Sunday, November 03, 2013
Has it really been almost 3 months since I posted on here? Wow! Time flies, I guess.
I'm laughing at myself a little, reading the last few posts I wrote. In July and August, I'd probably have cried and thrown in the towel if I'd known that in November I'd only be able to claim a 5 pound loss in 3 months. But ya know what, I'm amazed by it and telling myself to be careful instead. That seemingly small loss means that I'm taking care of myself and not letting all those crazy cravings get out of control. It means that I'm eating healthy and even though I'm not getting the exercise I'd like to, I'm doing ok. And I know that the weight loss won't continue for much longer.
Pregnancy isn't the time to worrying about the weight, but it is an excellent time to get myself on track with good eating habits.
Oh! Did I forget to mention that little detail? Yeah, I'm 11 weeks pregnant! Peanut is due to arrive in mid-to-late May. We didn't expect it, but we're all thrilled!! So far, everything looks healthy and happy and good!

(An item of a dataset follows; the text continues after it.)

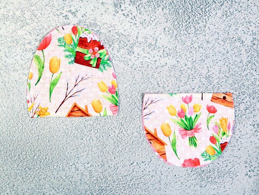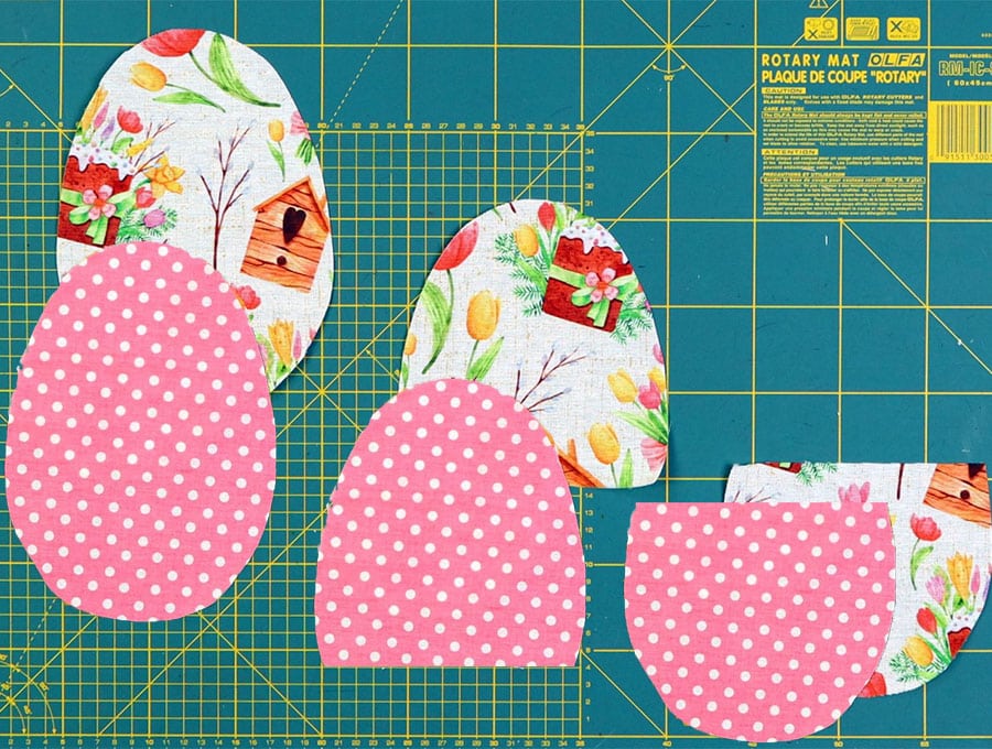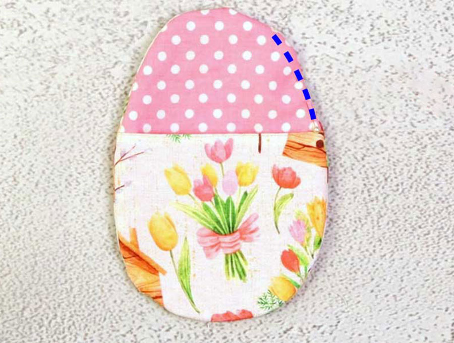 - Top of egg with lining side facing the outer fabric, and overlapping the bottom piece, lined up with whole egg shape

So, assuming that I remember to keep up with this, you won't hear much about weight loss or great new exercise plans (lots of walking and stuff like that). But, you may see a lot about trying to strengthen good habits and figure out good routines that will work with another little one in the picture. I know it won't be easy, but it's a good kind of difficult, ya know?

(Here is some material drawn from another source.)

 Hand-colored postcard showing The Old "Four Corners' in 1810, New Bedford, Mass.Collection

Oh! And if you're my friend on Facebook, you didn't miss an announcement... We aren't telling there until after Thanksgiving (15 weeks).
Sunday, August 04, 2013
I should never, ever read or write anything when I'm stressed and overly emotional. Just saying... I meant everything I said in my last blog post. But when I look at it today, it feels a little pathetic and not exactly what I meant to express.
I'm frustrated with myself and my inability to keep anything going. But then, I've lost a couple of pounds in the past week, so maybe that little pity party was what I needed.
Regardless, I've been thinking and have an idea of where I'm heading. There were some good points in the comments I got. And I'm taking it all seriously. Liz's question about whether a lower pressure team would better help me meet my goals really made me think. And the fact is, it wouldn't. I would be more likely to skate by.
So, while I'm not positive on what I'm doing next, I know that I'm not going to squander the rest of this round of challenges. It's time to dig back in and find what works... and to start with it might be painstakingly forcing myself to get every point possible in those challenges just to keep that ball moving.
Wednesday, July 31, 2013
Everywhere I look lately I'm seeing comments about team members not doing enough and not working hard enough. Yes, I'm guilty and fall into that category more often than I'd like to admit.
So, where do I go from here? A part of me wants to say forget it and either drop off the teams or go floater. Part of me wants to fight back. And a huge part of me just wants to give up.
No, I'm not looking for a million comments telling me why I should stay or what I need to do differently. I just need to say what I think without bringing down my teams or anything like that.
Maybe I need to be in a low pressure team where I'm not hurting anyone but me with the way my life is.
I dunno... isn't vacation supposed to be lower stress?